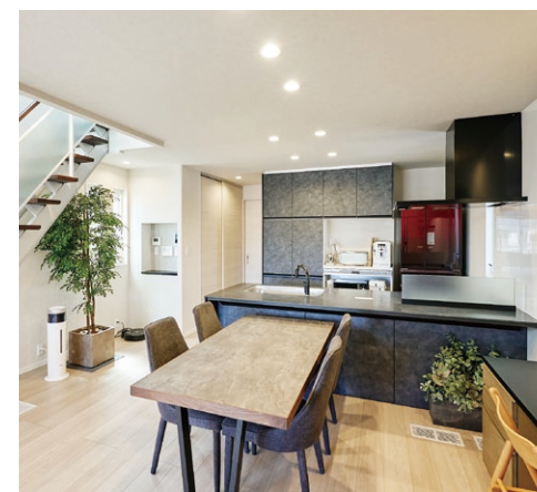
※実際の建物を撮影した写真です。(2024年3月撮影)
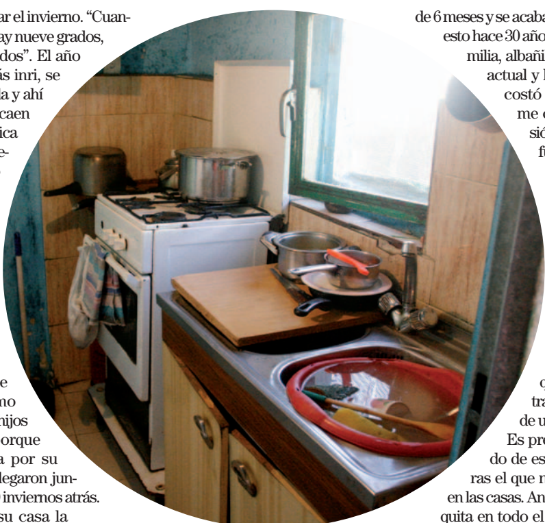
Una cocina de una chabola.

Todos en este poblado tienen una historia dramática detrás. Son personas con muy bajos recursos económicos que han llegado por diferentes razones, muchos no han conocido otra cosa. De hecho, como explica Nica, hay casas que ya han pasado de padres a hijos. Encarna pagaba un alquiler en Villaverde que tenía al día pero su casero quiso echarla, bajo denuncia, para
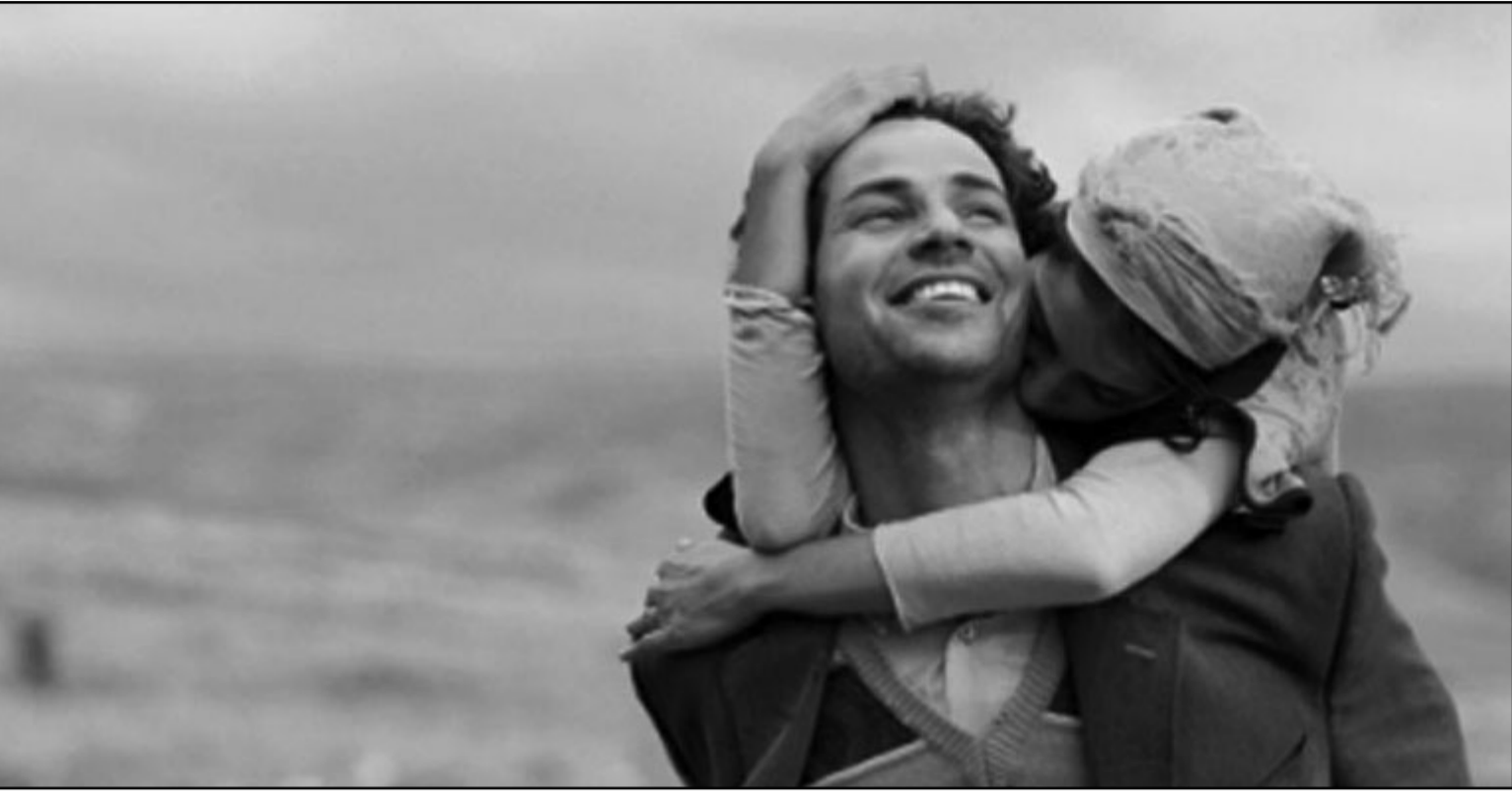
لقطة من فيلم «عين النساء»

وكما بينا في مقالة سابقة على اعمدة يومية «القدس العربي» فان مخرج فيلم «عين النساء» الإسرائيلي رادو ميهايلانو أخذ عمل المخرج الألماني فيت لممر، ونسبه اليه بالقول انه استمع لهذه القصة بنفسه (لا يقول لنا أين) وقرر كتابتها بالفريسية (هو الذي لا يجيد حتى التكلم باللغة
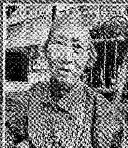
區梁婆婆：「我日日搭巴士都要攞樓梯，好辛苦！」
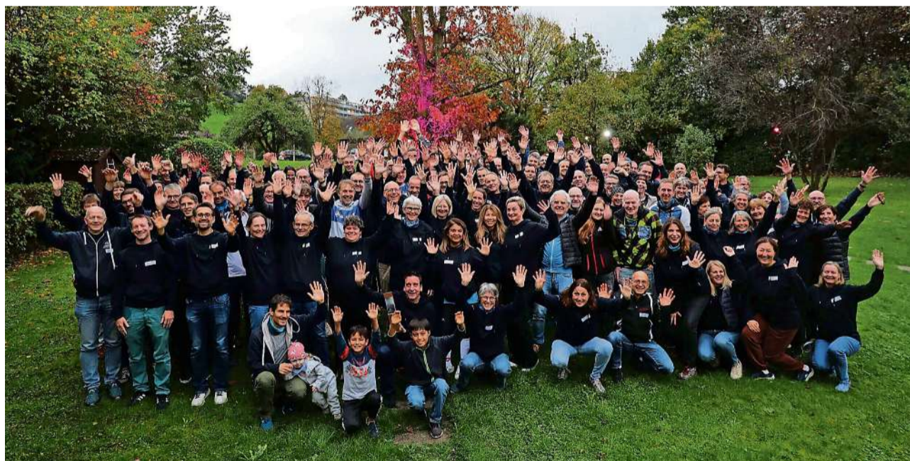
Rund 140 Teilnehmerinnen und Teilnehmer freuten sich über die Apéro-Einladung der «Zugerberg Finanz».
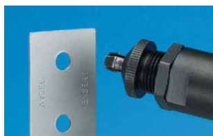
Pezzo con foro tondo
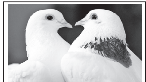
Пара голубей на свадьбу. Тел. 8-905-646-73-41.

5.15 "Тайны еды" (16+). 5.30, 7.00 "Джейми: обед за 30 минут" (16+). 6.30 "Удачное утро" (16+). 8.00 "Полезное утро" (16+). 8.30 Мультфильмы (0+). 8.35 X/ф "РОДНЯ" (16+). 10.30, 19.00 Т/с "ВЕЛИКОЛЕПНЫЙ ВЕК" (16+). 18.00 Т/с "ОНА НАПИСАЛА УБИЙСТВО" (16+). 18.55, 23.45 "Одна за всех" (16+). 22.40 "Битвы за наследство" (16+). 0.30 X/ф "МЫ ПОЖЕНИМСЯ. В КРАЙНЕМ СЛУЧАЕ, СОЗВОНИМЯ!" (16+). 2.10 X/ф "КЛЯТВЫ И ОБЕЩАНИЯ" (16+).
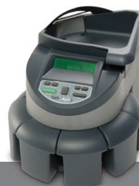
Mach 3, clasificadora/contadora de monedas de Talaris
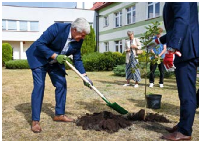
Włodzimierz Lubański zasadził pamiątkowe drzewo na terenie szkoły

Społeczność szkolna i gminna 13 września miała zaszczyt świętować 5-lecie istnienia Liceum Ogólnokształcącego Mistrzostwa Sportowego im. Włodzimierza Leonarda Lubańskiego w Nowinach. Uroczystości rozpoczęły się mszą świętą w intencji szkoły, a następnie miała miejsce oficjalna gala w liceum. Gościem honorowym wydarzenia był sam patron szkoły, legenda polskiej piłki nożnej – Włodzimierz Lubański. Mogliśmy usłyszeć fascynujące wspomnienia z jego kariery, m.in.: o jego rywalizacji podczas mistrzostw, co z pewnością zainspirowało młodzież. - Mam nadzieję, że wśród uczniów tej szkoły znajdą się moi następcy - powiedział z dumą Włodzimierz Lubański. Oprawę muzyczną sprawowała Orkiestra Dęta Nowiny, a maturzyści zachwycili publiczność pokazem swoich umiejętności tanecznych i piłkarskich.
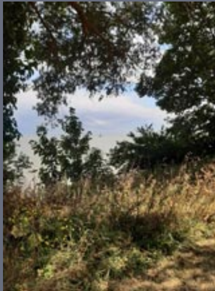
IJsselmeer bij Enkhuizen.
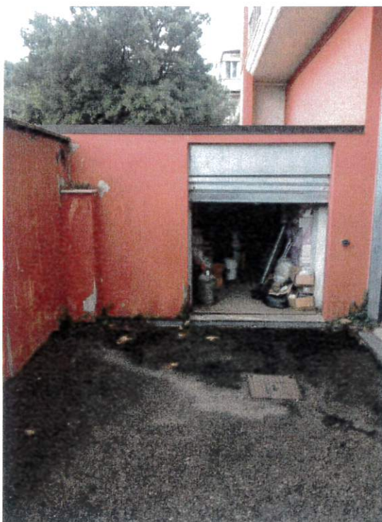
Lotto 6, autorimessa esterna p.lla 1424, sub 4

******

- What to do
Print the material precisely as given, dropping any images it holds.

- Your response
※実際の建物を撮影した写真です。(2024年3月撮影)
Una cocina de una chabola.

Todos en este poblado tienen una historia dramática detrás. Son personas con muy bajos recursos económicos que han llegado por diferentes razones, muchos no han conocido otra cosa. De hecho, como explica Nica, hay casas que ya han pasado de padres a hijos. Encarna pagaba un alquiler en Villaverde que tenía al día pero su casero quiso echarla, bajo denuncia, para
لقطة من فيلم «عين النساء»

وكما بينا في مقالة سابقة على اعمدة يومية «القدس العربي» فان مخرج فيلم «عين النساء» الإسرائيلي رادو ميهايلانو أخذ عمل المخرج الألماني فيت لممر، ونسبه اليه بالقول انه استمع لهذه القصة بنفسه (لا يقول لنا أين) وقرر كتابتها بالفريسية (هو الذي لا يجيد حتى التكلم باللغة
區梁婆婆：「我日日搭巴士都要攞樓梯，好辛苦！」
Rund 140 Teilnehmerinnen und Teilnehmer freuten sich über die Apéro-Einladung der «Zugerberg Finanz».
Pezzo con foro tondo
Пара голубей на свадьбу. Тел. 8-905-646-73-41.

5.15 "Тайны еды" (16+). 5.30, 7.00 "Джейми: обед за 30 минут" (16+). 6.30 "Удачное утро" (16+). 8.00 "Полезное утро" (16+). 8.30 Мультфильмы (0+). 8.35 X/ф "РОДНЯ" (16+). 10.30, 19.00 Т/с "ВЕЛИКОЛЕПНЫЙ ВЕК" (16+). 18.00 Т/с "ОНА НАПИСАЛА УБИЙСТВО" (16+). 18.55, 23.45 "Одна за всех" (16+). 22.40 "Битвы за наследство" (16+). 0.30 X/ф "МЫ ПОЖЕНИМСЯ. В КРАЙНЕМ СЛУЧАЕ, СОЗВОНИМЯ!" (16+). 2.10 X/ф "КЛЯТВЫ И ОБЕЩАНИЯ" (16+).
Mach 3, clasificadora/contadora de monedas de Talaris
Włodzimierz Lubański zasadził pamiątkowe drzewo na terenie szkoły

Społeczność szkolna i gminna 13 września miała zaszczyt świętować 5-lecie istnienia Liceum Ogólnokształcącego Mistrzostwa Sportowego im. Włodzimierza Leonarda Lubańskiego w Nowinach. Uroczystości rozpoczęły się mszą świętą w intencji szkoły, a następnie miała miejsce oficjalna gala w liceum. Gościem honorowym wydarzenia był sam patron szkoły, legenda polskiej piłki nożnej – Włodzimierz Lubański. Mogliśmy usłyszeć fascynujące wspomnienia z jego kariery, m.in.: o jego rywalizacji podczas mistrzostw, co z pewnością zainspirowało młodzież. - Mam nadzieję, że wśród uczniów tej szkoły znajdą się moi następcy - powiedział z dumą Włodzimierz Lubański. Oprawę muzyczną sprawowała Orkiestra Dęta Nowiny, a maturzyści zachwycili publiczność pokazem swoich umiejętności tanecznych i piłkarskich.
IJsselmeer bij Enkhuizen.
Lotto 6, autorimessa esterna p.lla 1424, sub 4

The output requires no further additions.